━━━ Record extracts

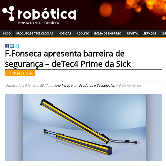 Website Robótica - F.Fonseca apresenta barreira de segurança – deTec4 Prime da Sick
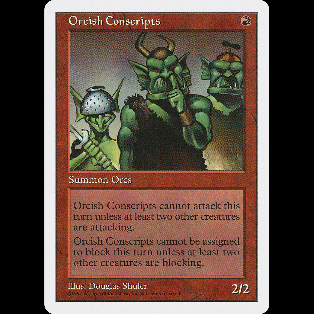 Orcish Conscripts can't attack unless at least two other creatures attack.
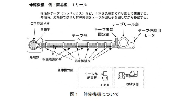 高伸縮比マニピュレータ(伸縮比が大きく、かつ過負荷に対して破損しにくい、コンベックステープによる伸縮機構)
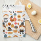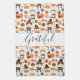Kitchen towel with a seasonal Thanksgiving pattern. Featuring whimsical pilgrims, turkeys, pumpkin pie and other various autumn themed elements. Grateful written in the centre.
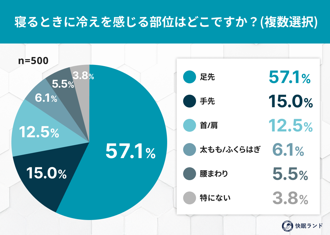 - 冷えを感じる部位は「足先」(57.1%)が圧倒的多数
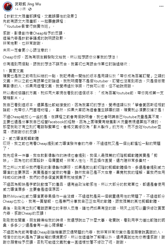 對此,武敬凱表示:「針對文大推廣部課程,文案誤導性的致歉」。透露自己也知道不是訂閱高的YouTuber,只是做商業影像的人,「行銷可以做,但不能說假話」,所以最終才討論出現在大家看到的文案,但是如果會讓人誤會就必須修正。最後,武敬凱坦言雖然一開始看到的時候「有一些心臟爆擊」,但還是很感謝Cheap的反饋,才能立刻修正。
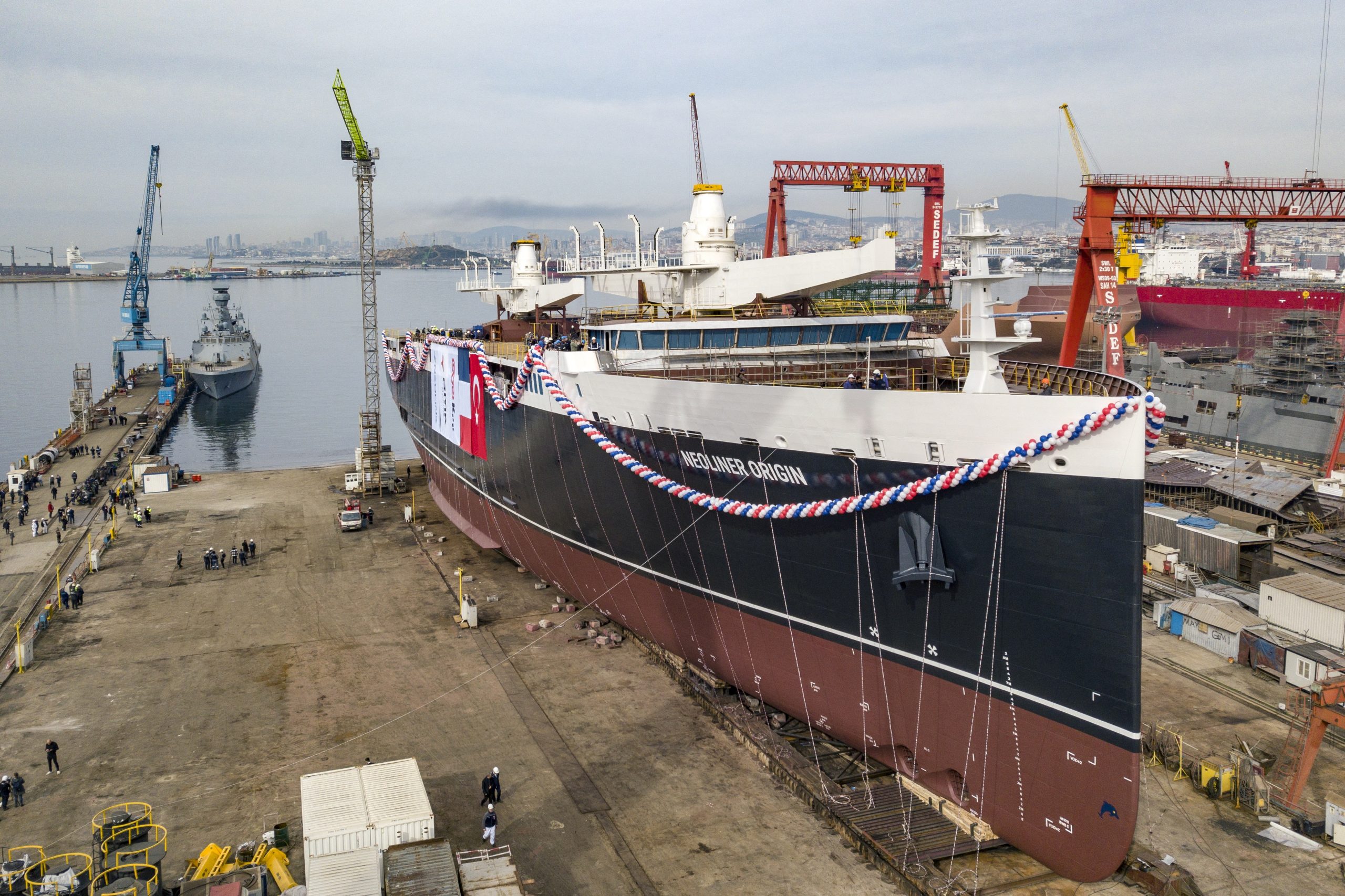 The image below shows the world’s longest wind-powered cargo ship, Neoliner Origin, during its christening on January 30, 2025, in the Turkish port of Tuzla, located outside Istanbul. Neoliner Origin was designed by the French company Neoline and built by the Turkish shipyard RMK Marine. It was a mammoth project spanning more than 12 years.

━━━━━━

*Work to be completed*: Without any pictures, output exactly the lines from the start of the material through the line that contains "對此,武敬凱表示:「針對文大", and only those.

*Answer to this task*:
 Website Robótica - F.Fonseca apresenta barreira de segurança – deTec4 Prime da Sick
 Orcish Conscripts can't attack unless at least two other creatures attack.
 高伸縮比マニピュレータ(伸縮比が大きく、かつ過負荷に対して破損しにくい、コンベックステープによる伸縮機構)
Kitchen towel with a seasonal Thanksgiving pattern. Featuring whimsical pilgrims, turkeys, pumpkin pie and other various autumn themed elements. Grateful written in the centre.
 - 冷えを感じる部位は「足先」(57.1%)が圧倒的多数
 對此,武敬凱表示:「針對文大推廣部課程,文案誤導性的致歉」。透露自己也知道不是訂閱高的YouTuber,只是做商業影像的人,「行銷可以做,但不能說假話」,所以最終才討論出現在大家看到的文案,但是如果會讓人誤會就必須修正。最後,武敬凱坦言雖然一開始看到的時候「有一些心臟爆擊」,但還是很感謝Cheap的反饋,才能立刻修正。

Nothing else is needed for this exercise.